* [Instructions to follow]:
Nothing below is to be printed except the lines between the line holding "El número par" and the line holding "2月5日,天門市委發(fā)", inclusive, each exactly as it appears.

* [Data provided]:
Start of Block
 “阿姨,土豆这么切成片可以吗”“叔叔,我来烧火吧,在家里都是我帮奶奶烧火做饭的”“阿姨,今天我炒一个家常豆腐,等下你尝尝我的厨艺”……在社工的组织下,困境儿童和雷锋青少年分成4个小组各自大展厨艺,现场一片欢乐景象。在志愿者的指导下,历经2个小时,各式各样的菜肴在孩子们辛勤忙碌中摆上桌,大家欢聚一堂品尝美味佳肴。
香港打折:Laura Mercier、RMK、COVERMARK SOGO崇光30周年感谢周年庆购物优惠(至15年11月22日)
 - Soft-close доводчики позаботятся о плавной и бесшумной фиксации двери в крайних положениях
End of Block
Start of Block
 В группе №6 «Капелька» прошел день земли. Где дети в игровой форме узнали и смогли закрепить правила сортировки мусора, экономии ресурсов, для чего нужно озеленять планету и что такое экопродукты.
End of Block
Start of Block
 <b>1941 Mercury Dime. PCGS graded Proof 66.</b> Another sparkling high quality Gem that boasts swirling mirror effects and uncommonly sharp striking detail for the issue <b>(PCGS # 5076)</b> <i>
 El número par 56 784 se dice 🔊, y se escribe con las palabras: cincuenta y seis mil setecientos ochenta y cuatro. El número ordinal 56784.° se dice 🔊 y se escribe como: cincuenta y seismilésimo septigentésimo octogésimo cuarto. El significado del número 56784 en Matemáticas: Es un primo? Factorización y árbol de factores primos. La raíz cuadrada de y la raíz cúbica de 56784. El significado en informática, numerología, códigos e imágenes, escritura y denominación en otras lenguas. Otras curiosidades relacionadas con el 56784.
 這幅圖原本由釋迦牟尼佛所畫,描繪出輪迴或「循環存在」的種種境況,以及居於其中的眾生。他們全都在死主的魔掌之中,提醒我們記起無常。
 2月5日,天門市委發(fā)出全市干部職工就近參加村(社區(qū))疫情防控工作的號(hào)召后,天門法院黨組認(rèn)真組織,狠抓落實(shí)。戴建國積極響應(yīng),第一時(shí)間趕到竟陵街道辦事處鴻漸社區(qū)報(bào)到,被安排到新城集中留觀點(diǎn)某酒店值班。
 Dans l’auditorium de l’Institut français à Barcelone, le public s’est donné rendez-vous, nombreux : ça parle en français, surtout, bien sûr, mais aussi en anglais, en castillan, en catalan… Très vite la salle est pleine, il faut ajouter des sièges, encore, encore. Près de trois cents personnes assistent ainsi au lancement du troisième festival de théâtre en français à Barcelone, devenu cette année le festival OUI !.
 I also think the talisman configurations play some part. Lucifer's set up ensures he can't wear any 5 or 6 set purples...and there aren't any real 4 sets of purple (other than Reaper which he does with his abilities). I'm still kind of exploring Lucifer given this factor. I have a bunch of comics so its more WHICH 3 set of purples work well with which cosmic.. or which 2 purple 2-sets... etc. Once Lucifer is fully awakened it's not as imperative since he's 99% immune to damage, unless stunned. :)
End of Block
* [Task solution]:
 El número par 56 784 se dice 🔊, y se escribe con las palabras: cincuenta y seis mil setecientos ochenta y cuatro. El número ordinal 56784.° se dice 🔊 y se escribe como: cincuenta y seismilésimo septigentésimo octogésimo cuarto. El significado del número 56784 en Matemáticas: Es un primo? Factorización y árbol de factores primos. La raíz cuadrada de y la raíz cúbica de 56784. El significado en informática, numerología, códigos e imágenes, escritura y denominación en otras lenguas. Otras curiosidades relacionadas con el 56784.
 這幅圖原本由釋迦牟尼佛所畫,描繪出輪迴或「循環存在」的種種境況,以及居於其中的眾生。他們全都在死主的魔掌之中,提醒我們記起無常。
 2月5日,天門市委發(fā)出全市干部職工就近參加村(社區(qū))疫情防控工作的號(hào)召后,天門法院黨組認(rèn)真組織,狠抓落實(shí)。戴建國積極響應(yīng),第一時(shí)間趕到竟陵街道辦事處鴻漸社區(qū)報(bào)到,被安排到新城集中留觀點(diǎn)某酒店值班。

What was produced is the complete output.